Short-selling ban: different rules applied by market surveillance authorities

During periods of market turbulence, short-selling of shares has time and again come into focus for the public and gained the attention of market surveillance authorities – after the financial and banking crisis of 2007 to 2009, and most recently in March 2020.

What is short-selling of shares?

Optimistic investors aim to capitalise on price rises, but a short seller bets on the fact that the share price will fall. The idea is to sell borrowed shares (covered short sale) in the hope of buying them back at a lower price after a certain amount of time and thus profiting from falling prices.

Global divergency in short-selling regulations

By banning short selling during market turbulence, market surveillance authorities aim to stabilise share prices, slow down a crash and increase market confidence. But what is the global view?

France, Austria, Italy, Spain, Belgium and Greece (from mid-March to 18 May 2020), as well as China and India, all decided to ban short selling, and thus betting on falling prices; other countries have warned that such bans increase market distortion. The US, UK, Germany and Switzerland have repeatedly emphasised that in a time of crisis, a lack of transparency in stock exchanges and direct intervention in the markets does not achieve the desired result.

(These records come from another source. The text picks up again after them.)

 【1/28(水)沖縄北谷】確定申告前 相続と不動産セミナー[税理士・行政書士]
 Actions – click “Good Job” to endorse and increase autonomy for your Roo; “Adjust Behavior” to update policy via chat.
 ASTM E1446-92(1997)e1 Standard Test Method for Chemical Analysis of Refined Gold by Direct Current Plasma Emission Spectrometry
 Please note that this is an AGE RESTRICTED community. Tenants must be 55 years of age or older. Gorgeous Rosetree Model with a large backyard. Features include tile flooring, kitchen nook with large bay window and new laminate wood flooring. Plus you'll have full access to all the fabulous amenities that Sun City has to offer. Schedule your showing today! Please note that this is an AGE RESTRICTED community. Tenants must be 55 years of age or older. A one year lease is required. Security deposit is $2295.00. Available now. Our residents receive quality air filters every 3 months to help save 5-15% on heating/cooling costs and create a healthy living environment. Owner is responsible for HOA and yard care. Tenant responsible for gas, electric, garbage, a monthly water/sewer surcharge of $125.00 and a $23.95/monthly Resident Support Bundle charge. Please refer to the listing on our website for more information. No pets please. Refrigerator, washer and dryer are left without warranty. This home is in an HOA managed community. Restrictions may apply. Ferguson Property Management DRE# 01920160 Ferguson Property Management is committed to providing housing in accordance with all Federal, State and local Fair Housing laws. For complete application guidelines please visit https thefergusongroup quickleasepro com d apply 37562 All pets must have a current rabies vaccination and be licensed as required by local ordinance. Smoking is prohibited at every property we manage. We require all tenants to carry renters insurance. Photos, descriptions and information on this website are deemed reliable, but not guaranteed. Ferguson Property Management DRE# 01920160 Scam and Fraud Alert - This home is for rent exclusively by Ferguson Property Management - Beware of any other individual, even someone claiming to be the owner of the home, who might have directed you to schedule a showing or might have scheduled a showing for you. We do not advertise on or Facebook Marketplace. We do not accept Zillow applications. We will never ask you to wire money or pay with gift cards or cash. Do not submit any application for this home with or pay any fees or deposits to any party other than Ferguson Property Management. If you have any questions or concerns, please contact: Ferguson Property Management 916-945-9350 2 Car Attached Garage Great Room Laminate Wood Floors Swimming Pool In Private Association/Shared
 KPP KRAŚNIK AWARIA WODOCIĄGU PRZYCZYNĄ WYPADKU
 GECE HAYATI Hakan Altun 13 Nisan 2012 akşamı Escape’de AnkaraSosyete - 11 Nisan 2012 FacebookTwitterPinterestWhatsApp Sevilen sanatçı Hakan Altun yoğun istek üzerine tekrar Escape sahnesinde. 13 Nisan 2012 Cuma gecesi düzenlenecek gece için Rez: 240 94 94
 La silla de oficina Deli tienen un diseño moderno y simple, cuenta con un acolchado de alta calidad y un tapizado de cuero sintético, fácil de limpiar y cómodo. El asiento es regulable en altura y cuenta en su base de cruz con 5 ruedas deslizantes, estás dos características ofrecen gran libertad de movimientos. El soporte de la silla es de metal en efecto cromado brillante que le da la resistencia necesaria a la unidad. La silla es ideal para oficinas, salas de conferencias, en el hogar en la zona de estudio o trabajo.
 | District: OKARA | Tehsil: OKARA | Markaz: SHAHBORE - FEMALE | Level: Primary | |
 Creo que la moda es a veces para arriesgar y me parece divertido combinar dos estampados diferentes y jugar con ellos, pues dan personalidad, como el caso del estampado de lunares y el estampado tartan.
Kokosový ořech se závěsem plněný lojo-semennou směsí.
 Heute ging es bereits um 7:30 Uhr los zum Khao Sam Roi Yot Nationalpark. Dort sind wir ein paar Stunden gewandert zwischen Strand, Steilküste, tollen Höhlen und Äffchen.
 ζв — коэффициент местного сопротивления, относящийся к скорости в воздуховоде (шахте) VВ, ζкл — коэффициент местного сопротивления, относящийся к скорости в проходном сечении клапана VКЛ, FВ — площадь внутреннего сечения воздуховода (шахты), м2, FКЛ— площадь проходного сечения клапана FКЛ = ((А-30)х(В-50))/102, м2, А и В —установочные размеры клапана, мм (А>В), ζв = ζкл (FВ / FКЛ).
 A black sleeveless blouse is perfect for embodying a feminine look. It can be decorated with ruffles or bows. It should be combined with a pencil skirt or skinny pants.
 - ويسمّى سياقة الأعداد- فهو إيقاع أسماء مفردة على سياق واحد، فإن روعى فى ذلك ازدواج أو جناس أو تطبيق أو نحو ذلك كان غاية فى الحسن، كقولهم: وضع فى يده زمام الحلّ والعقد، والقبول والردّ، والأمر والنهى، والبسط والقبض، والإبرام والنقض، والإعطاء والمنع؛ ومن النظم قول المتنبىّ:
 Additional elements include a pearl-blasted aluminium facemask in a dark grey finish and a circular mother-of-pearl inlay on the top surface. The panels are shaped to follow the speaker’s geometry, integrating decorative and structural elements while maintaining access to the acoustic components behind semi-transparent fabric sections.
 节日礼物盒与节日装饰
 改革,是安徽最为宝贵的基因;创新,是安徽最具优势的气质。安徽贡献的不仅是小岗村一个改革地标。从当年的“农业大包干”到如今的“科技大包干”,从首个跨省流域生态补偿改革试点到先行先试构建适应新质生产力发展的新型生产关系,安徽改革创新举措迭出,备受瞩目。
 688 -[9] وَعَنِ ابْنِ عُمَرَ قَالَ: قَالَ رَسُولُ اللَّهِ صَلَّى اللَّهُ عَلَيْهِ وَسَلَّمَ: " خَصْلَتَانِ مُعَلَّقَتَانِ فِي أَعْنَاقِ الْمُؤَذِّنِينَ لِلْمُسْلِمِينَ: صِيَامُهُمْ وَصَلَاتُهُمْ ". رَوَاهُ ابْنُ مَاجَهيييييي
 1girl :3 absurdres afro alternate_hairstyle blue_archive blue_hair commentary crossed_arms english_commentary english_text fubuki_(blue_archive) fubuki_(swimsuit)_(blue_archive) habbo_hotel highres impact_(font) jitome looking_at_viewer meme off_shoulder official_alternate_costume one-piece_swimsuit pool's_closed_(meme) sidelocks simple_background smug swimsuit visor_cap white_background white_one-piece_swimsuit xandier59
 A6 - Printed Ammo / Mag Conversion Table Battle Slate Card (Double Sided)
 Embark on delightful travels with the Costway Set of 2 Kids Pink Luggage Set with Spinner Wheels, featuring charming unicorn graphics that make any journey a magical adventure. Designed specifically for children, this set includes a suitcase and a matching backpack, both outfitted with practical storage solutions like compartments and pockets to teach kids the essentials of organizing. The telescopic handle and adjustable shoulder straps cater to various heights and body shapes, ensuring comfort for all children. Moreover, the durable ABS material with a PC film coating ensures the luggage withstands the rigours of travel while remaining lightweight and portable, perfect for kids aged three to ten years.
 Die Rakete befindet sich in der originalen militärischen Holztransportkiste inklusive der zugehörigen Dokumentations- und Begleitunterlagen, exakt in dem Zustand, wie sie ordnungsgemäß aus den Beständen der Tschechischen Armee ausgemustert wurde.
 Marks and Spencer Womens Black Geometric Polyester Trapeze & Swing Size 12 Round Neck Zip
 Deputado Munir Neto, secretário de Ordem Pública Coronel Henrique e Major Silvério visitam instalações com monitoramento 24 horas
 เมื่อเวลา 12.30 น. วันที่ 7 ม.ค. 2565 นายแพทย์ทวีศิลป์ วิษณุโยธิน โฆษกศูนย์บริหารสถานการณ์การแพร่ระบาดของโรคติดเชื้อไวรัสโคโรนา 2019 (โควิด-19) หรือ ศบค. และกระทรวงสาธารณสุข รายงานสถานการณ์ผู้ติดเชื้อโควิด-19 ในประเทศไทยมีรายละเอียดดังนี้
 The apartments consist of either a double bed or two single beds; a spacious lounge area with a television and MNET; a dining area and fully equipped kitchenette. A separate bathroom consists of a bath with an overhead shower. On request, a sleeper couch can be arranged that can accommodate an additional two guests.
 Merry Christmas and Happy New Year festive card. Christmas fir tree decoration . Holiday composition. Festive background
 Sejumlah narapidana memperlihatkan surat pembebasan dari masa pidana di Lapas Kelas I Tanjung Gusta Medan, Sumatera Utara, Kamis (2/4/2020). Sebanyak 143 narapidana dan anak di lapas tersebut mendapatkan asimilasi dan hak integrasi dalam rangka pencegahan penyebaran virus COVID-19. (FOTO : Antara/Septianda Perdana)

The main argument for lifting the short-selling ban after just two months in the European countries concerned was the underlying market data, which shows that overall price performance is no better than that in comparable jurisdictions not subject to restrictions.

Regulation in Switzerland

In Switzerland, a ban on the short selling of financial stocks was introduced in 2008 and lifted again in 2009. The SIX Swiss Exchange generally permits covered short selling (supported by securities lending), but may issue additional rules in specific situations. There is currently no obligation to report short selling in Switzerland. As a result, there tends to be less evidence of potential abuse or market manipulation subsequently investigated by the Swiss Financial Market Supervisory Authority (FINMA). (Short) selling constitutes market abuse if it is done with the intention of manipulating the market.


Despite differing rules and restrictions on betting by means of short selling, there are legitimate reasons to allow short selling – particularly in terms of maintaining market liquidity.